A solution is to reserve space on the stack, then point to it with another register, and use this one as the offset base. The principle is the same as with the structures described above. It can be extended to allow for the passing of arbitrary parameters on the stack. For example:

  PROCEDURE drawBox (left, top, right, bottom:integer);
  VAR xPos, yPos:integer;
  BEGIN
    xPos=left;
    yPos=right;
    REPEAT
       ...
    UNTIL yPos>=bottom
  END

Becomes:

  xPos   EQU -4
  yPos   EQU -2
  left   EQU 8
  top    EQU 10
  right  EQU 4
  bottom EQU 6          
  ; 2 would be the return address
  ; 0 would be the saved value of U
  
  ; draw a 10x6 box at (0,2)
    ldx #0            ; left:=0  
    ldy #2            ; top:=2
    pshs x,y
    ldx #10           ; right:=10 
    ldy #8            ; bottom:=8 
    pshs x,y         
    lbsr drawBox
    leas 8,s          ; remove 4 16-bit parameters 
    rts
  drawBox:  
    pshs u            ; save value of U
    leau ,s           ; U is an address between the locals and the parameters
    leas -4,s         ; reserve space for 2 16-bit integers on stack
    ldd left,u        ; U+8
    std xPos,u        ; U-4 
    ldd top,u         
    std yPos,u
  drawBoxLoopY:  
    ...
    ldd yPos,u
    cmpd high,u
    blt drawBoxLoopY
    leas 4,s         ; release reserved space
    puls u,pc        ; restore U and return

==== Can I do recursion? ====

Yes, there's no reason why an assembly language subroutine shouldn't call itself. But the same caveats apply as in any other language. You must use local variables for instance, and not alter global memory in unexpected ways.

Beware of very deep recursion; a pixel flood-fill routine might call itself thousands of times, overwriting more than the available RAM with the system stack.

==== What is position independence and when do I use it? ====

Ideally a machine language program can be loaded at any address in memory and still work correctly; the only thing that has to change is the program start address. This is Position Independent Code (PIC). It is more important for smaller routines as several may be loaded at the same time. 
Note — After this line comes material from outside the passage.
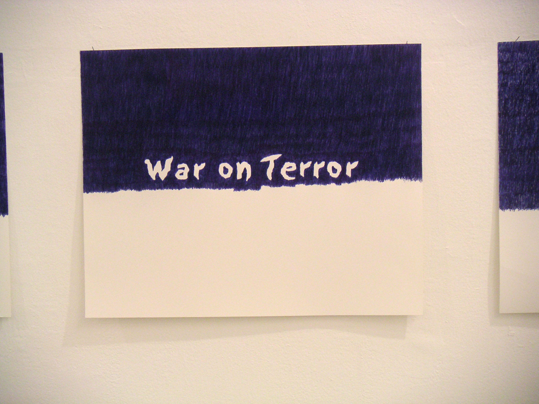 click image to download hi res image WAR ON TERROR, 2003 ball pen on paper, size 50x63 cm

What prevents position independence? Addresses being hard-coded rather than relative. Direct jumps to subroutines are a common example. All jumps and branches (within the program, not eg. external ROM routines) can be as easily coded using relative offsets; instead of JMP and JSR use BRA/LBRA and BSR/LBSR.

The same applies to data references. Variables stored on the stack are fine. As are pointers returned by the operating system. Other structures need to be referenced using PC relative addressing. 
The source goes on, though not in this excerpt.